The author notes a lack of response to the work of J. L.
Fischer and, using Fischer's interpretation of Socrates, shows that Fischer deserves critical attention. He first analyses Fischer's interpretation in terms of content.
Fischer's approach stems from the Scottish school and his analyses can still be productive. However, his idea of a "psychological analysis" of Socrates proves rather problematic.
The author goes on to analyse what Socrates means for Fischer philosophically, nothing that fundamental premises of Socrates' philosophy are exact opposite of the "composable philosophy" Fischer advocates. For Fischer, this means philosophy which can be composed - built up - of discrete observations after the manner of a scientific theory, at least as positivist thinkers conceived of it.
Socrates offers a rationalist defence of autocratic rule. The measure of all thing is not the citizen but the expert.
On such presuppositions, a general assembly would make no sense.

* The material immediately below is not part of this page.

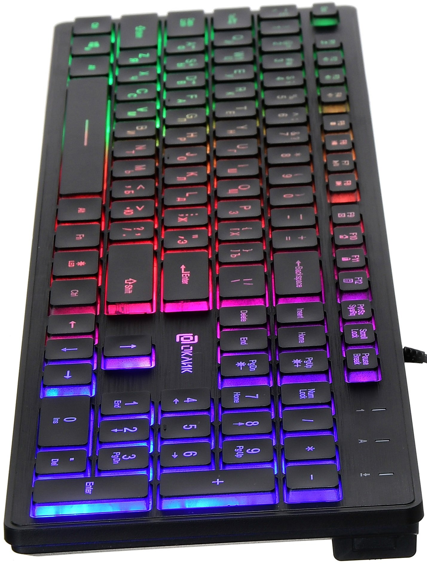 Клавиатура Oklick 550ML обладает незаурядным дизайном: модель имеет стильную RGB-подсветку. Благодаря подсветке использовать клавиатуру можно будет даже в полной темноте. Не будет являться помехой и отсутствие владения методом слепой печати.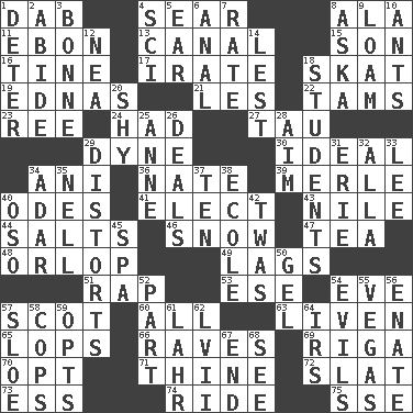 ACROSS 1. Apply (a substance) by light strokes 4. Shrivel 8. Wing 11. Inky black, to poets 13. Lessep's creation 15. Manchild 16. Prong on a fork 17. Feeling or showing extreme anger 18. Three-handed card game 19. Ferber et al. 21. French article 22. Scottish caps 23. To sift 24. Possessed 27. The 19th letter of the Greek alphabet 29. Centimeter-gram-second unit of force 30. Perfect 34. Black tropical American cuckoo 36. Nathan's nickname 39. Haggard of country music 40. Lyric poems 41. Choose 43. "Death on the ____" 44. Table seasonings 46. Overwhelm 47. Beverage made from leaves 48. Fourth or lowest deck 49. Falls behind 51. Strike 53. Compass dir. 54. First lady 57. Native of Scotland 60. 100% 63. Make or become more lively 65. Chops off 66. All-night dance parties 69. Port city in Latvia 70. Elect 71. One or ones belonging to thee 72. Narrow board 73. Curvy letter 74. Travel on or in a vehicle 75. Compass dir. DOWN 1. Prevent from occurring 2. Tolerate 3. Child's nurse 4. _-fi 5. Ewer handle 6. Of or related to the anus 7. Pace 8. "____ silly question..." 9. Rich soil 10. Pismires 12. Teachers' org. 14. For fear that 18. SAT takers 20. Like a shrinking violet 25. Singer Murray 26. Allots cards 28. Direct toward a target or goal 29. What propaganda does 31. One of the Great Lakes 32. Silent film actress Nazimova 33. Area sheltered from the wind 34. The sixth month of the Jewish calendar 35. 1994 drama film starring Jodie Foster 37. Nine, plus one 38. Learning spot: Fr. 40. Bear (Spanish) 42. It was, poetically 45. Health resort 50. Set 52. Component 54. Vices 55. Viva Las _ 56. Maternal 57. _ gin 58. 911 reaches them 59. Chooses 61. Cowardly lion portrayer 62. 57 in ancient Rome 64. Big collection agency 67. Conclude 68. Observe

Thus though this study poses as purely historical, Fischer manages to work his way to his central motif, the crisis contemporary democracy challenged by dogma "scientific materialism" which can be neither analysed nor refuted.
Socrates is presented as democracy's enemy, in wholly contemporary terms. Fischer's presentation of Socrates, rather like Popper's reading of Plato, thus reflects the experience of the twentieth century.